Although insignificant amounts of immunoglobulins are synthesised in the liver, immunological abnormalities often accompany liver disease and are useful diagnostic markers. These abnormalities include the appearance in the patient’s blood of auto-antibodies to normal tissue antigens. The antibodies are not responsible for the tissue damage in the liver diseases with which they are associated. Examples include:

anti-mitochondrial antibodies in primary biliary cirrhosis
antinuclear antibodies and anti-smooth muscle antibodies in autoimmune hepatitis.

Polyclonal immunoglobulin elevations also occur:

raised IgG in autoimmune hepatitis
raised IgM in primary biliary cirrhosis
raised IgA in alcoholic cirrhosis.

Antibodies to hepatitis viruses are, in some instances (e.g. hepatitis A), clinically useful markers of these infections. Viral antigens or nucleic acids can also be tested for.

Imaging

Techniques used to visualise the liver and detect lesions within it include:

ultrasonography
cholangiography (often together with pancreatography), to visualise the biliary system
scintigraphy after the injection of 99mTc-labelled colloids, which are taken up by the phagocytic Kupffer cells
computed tomography (CT)
magnetic resonance imaging (MRI).

Biopsy

The two common types of liver biopsy are:

wedge biopsies, taken during an abdominal operation
needle biopsies, which are much more frequent and are done percutaneously.

Both procedures carry a small but significant risk of haemorrhage and biliary leakage from the biopsy site. Bile duct obstruction is a contraindication to liver biopsy because of the increased risk of biliary peritonitis from bile leakage from the biopsy site. The risk must be outweighed by the likely therapeutic benefit to the patient resulting from an accurate assessment of their liver disease.

Most liver diseases produce diffuse abnormalities in the organ; a biopsy from any part of it will therefore be representative. Focal lesions such as tumours may be missed, particularly by percutaneous needle sampling, but the biopsy needle can be guided to them by using imaging techniques such as ultrasonography.
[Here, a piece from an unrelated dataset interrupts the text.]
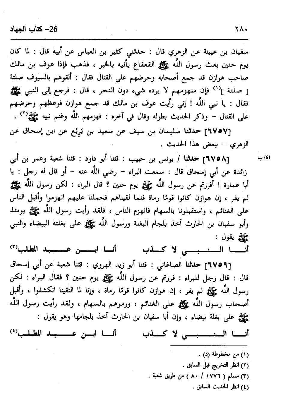 6759 - حَدَّثَنَا الصَّاغَانِيُّ، قثنا أَبُو زَيْدٍ الْهَرَوِيُّ، قثنا شُعْبَةُ، عَنْ أَبِي إِسْحَاقَ، قَالَ: قَالَ رَجُلٌ لِلْبَرَاءِ: فَرَرْتُمْ عَنْ رَسُولِ اللَّهِ صَلَّى اللهُ عَلَيْهِ وَسَلَّمَ يَوْمَ حُنَيْنٍ، فَقَالَ الْبَرَاءُ: لَكِنَّ رَسُولَ اللَّهِ صَلَّى اللهُ عَلَيْهِ وَسَلَّمَ لَمْ يَفِرَّ، §إِنَّ هَوَازِنَ كَانُوا قَوْمًا رُمَاةً، وَإِنَّا لَمَّا الْتَقَيْنَا انْكَشَفُوا، وَأَقْبَلَ أَصْحَابُ رَسُولِ اللَّهِ صَلَّى اللهُ عَلَيْهِ وَسَلَّمَ عَلَى الْغَنَائِمِ، وَرَمَوْهُمْ بِالسِّهَامِ، وَلَقَدْ رَأَيْتُ رَسُولَ اللَّهِ صَلَّى اللهُ عَلَيْهِ وَسَلَّمَ عَلَى بَغْلَةٍ بَيْضَاءَ، وَإِنَّ أَبَا سُفْيَانَ بْنَ الْحَارِثِ آخِذٌ بِلِجَامِهَا، وَهُوَ يَقُولُ: «أَنَا النَّبِيُّ لَا كَذِبْ أَنَا ابْنُ عَبْدِ الْمُطَّلِبْ»

Liver biopsies are examined by light microscopy after sectioning and staining. Unlike renal biopsies, little additional clinically useful information is obtained by examining liver biopsies with the electron microscope.

JAUNDICE

Jaundice (or icterus) is the name given to yellowing of the skin and mucosal surfaces due to the presence of bilirubin. Usually jaundice is observable when the serum bilirubin concentration exceeds 40 micromol/l. Note, however, that:

1. Many patients with significant liver disease, often severe, are not jaundiced.
2. Liver disease is not the only cause of jaundice.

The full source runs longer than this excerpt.